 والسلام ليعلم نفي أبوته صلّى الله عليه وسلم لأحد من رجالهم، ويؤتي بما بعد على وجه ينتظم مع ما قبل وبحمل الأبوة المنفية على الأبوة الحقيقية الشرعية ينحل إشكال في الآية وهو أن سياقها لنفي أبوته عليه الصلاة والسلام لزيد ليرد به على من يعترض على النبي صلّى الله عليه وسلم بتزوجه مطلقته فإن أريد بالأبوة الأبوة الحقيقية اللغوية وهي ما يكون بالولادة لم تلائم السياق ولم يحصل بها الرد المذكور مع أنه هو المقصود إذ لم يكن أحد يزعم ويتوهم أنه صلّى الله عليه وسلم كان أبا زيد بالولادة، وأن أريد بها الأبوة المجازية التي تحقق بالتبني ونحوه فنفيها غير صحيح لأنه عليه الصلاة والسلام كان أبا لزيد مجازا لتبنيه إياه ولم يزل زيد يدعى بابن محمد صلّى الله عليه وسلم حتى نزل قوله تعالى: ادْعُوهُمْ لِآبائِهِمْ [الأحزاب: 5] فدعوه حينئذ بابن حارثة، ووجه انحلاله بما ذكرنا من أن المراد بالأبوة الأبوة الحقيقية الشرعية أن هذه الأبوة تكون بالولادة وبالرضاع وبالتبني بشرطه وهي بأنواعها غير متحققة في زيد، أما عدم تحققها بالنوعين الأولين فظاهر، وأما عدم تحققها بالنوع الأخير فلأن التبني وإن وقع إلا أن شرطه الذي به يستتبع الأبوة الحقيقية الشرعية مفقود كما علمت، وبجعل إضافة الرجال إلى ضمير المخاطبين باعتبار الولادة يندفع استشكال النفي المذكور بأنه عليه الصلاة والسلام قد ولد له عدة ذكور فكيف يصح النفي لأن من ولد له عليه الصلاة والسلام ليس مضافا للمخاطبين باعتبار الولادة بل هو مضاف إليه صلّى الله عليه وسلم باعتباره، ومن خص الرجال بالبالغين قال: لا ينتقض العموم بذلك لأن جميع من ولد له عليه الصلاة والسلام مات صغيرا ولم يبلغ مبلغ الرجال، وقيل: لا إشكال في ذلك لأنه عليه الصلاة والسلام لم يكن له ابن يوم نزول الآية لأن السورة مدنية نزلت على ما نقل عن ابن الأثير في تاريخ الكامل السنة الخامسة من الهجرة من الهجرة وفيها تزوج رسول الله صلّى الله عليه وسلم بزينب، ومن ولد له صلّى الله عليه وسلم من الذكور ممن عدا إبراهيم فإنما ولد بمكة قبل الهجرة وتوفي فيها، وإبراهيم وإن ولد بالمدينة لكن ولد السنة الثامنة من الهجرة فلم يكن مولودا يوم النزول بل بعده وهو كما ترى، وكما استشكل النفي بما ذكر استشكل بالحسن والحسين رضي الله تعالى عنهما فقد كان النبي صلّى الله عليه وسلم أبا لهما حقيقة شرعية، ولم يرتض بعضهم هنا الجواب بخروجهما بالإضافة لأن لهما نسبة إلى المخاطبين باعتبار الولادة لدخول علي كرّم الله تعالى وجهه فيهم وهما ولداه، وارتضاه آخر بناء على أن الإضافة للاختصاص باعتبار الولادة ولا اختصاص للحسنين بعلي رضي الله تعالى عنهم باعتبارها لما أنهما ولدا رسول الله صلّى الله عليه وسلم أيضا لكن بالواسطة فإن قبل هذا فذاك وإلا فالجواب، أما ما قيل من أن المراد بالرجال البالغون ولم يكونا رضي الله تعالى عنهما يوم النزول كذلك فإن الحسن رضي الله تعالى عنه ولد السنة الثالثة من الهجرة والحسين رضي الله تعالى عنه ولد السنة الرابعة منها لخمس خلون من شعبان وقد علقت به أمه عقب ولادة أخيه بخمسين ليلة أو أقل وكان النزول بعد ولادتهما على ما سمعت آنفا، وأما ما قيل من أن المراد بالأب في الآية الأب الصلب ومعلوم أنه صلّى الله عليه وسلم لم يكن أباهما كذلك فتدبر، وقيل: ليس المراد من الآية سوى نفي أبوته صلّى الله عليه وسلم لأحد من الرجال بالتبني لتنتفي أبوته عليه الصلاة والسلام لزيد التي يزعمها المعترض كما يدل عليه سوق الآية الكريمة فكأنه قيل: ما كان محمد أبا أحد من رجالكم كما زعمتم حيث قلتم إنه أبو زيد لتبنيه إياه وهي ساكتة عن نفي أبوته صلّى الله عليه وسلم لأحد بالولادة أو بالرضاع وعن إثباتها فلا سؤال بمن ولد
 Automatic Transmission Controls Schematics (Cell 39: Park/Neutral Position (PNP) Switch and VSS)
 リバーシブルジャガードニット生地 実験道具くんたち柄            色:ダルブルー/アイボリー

==

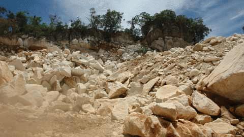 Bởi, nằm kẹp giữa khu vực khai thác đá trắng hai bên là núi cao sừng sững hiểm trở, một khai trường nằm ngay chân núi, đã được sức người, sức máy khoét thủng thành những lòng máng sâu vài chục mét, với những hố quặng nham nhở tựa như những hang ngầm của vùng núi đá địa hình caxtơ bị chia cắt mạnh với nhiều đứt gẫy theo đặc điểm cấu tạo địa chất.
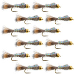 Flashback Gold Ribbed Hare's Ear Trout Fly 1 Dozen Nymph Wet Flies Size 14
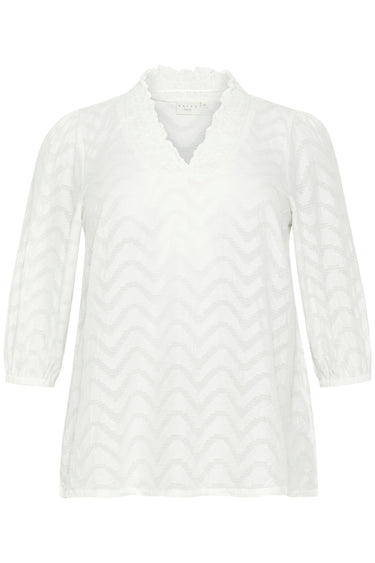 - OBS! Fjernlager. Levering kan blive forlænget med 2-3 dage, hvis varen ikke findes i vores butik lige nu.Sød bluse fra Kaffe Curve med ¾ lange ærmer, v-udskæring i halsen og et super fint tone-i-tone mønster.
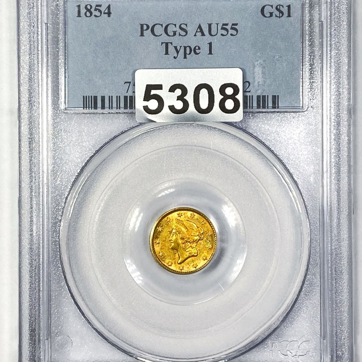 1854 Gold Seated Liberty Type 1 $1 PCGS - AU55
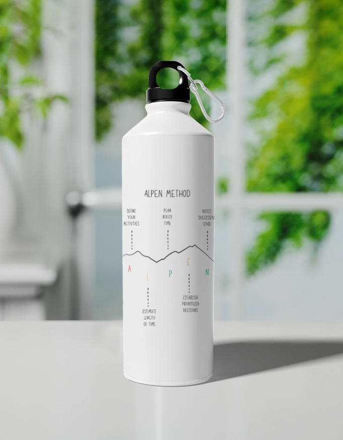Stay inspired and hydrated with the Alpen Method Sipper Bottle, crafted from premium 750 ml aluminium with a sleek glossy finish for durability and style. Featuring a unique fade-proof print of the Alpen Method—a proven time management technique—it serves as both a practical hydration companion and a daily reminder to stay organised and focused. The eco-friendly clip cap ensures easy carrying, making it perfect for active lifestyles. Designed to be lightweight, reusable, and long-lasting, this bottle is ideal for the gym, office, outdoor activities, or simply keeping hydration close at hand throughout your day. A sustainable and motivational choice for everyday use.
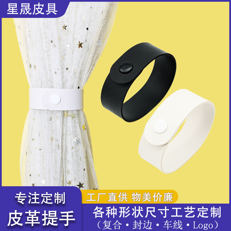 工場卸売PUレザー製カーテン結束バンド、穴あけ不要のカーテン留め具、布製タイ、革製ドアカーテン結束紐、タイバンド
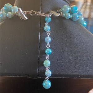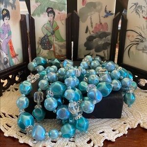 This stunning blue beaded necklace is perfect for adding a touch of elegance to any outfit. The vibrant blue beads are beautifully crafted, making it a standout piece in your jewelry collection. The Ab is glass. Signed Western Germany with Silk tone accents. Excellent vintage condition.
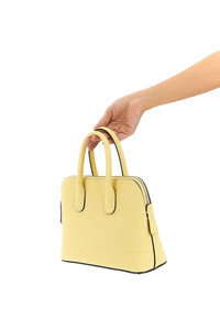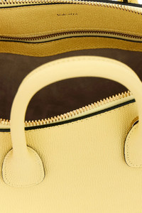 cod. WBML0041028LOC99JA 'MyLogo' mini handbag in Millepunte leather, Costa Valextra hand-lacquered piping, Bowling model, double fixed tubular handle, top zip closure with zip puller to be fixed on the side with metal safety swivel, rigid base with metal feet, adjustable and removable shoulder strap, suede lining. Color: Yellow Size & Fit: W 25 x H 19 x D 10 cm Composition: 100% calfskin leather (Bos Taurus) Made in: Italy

§ **Aim of the task**
Among the entries above, find the line with "Bởi, nằm kẹp" and repeat exactly from there through the line with "Flashback Gold Ribbed", leaving out the pictures.

§ **Problem solution**
 Bởi, nằm kẹp giữa khu vực khai thác đá trắng hai bên là núi cao sừng sững hiểm trở, một khai trường nằm ngay chân núi, đã được sức người, sức máy khoét thủng thành những lòng máng sâu vài chục mét, với những hố quặng nham nhở tựa như những hang ngầm của vùng núi đá địa hình caxtơ bị chia cắt mạnh với nhiều đứt gẫy theo đặc điểm cấu tạo địa chất.
 Flashback Gold Ribbed Hare's Ear Trout Fly 1 Dozen Nymph Wet Flies Size 14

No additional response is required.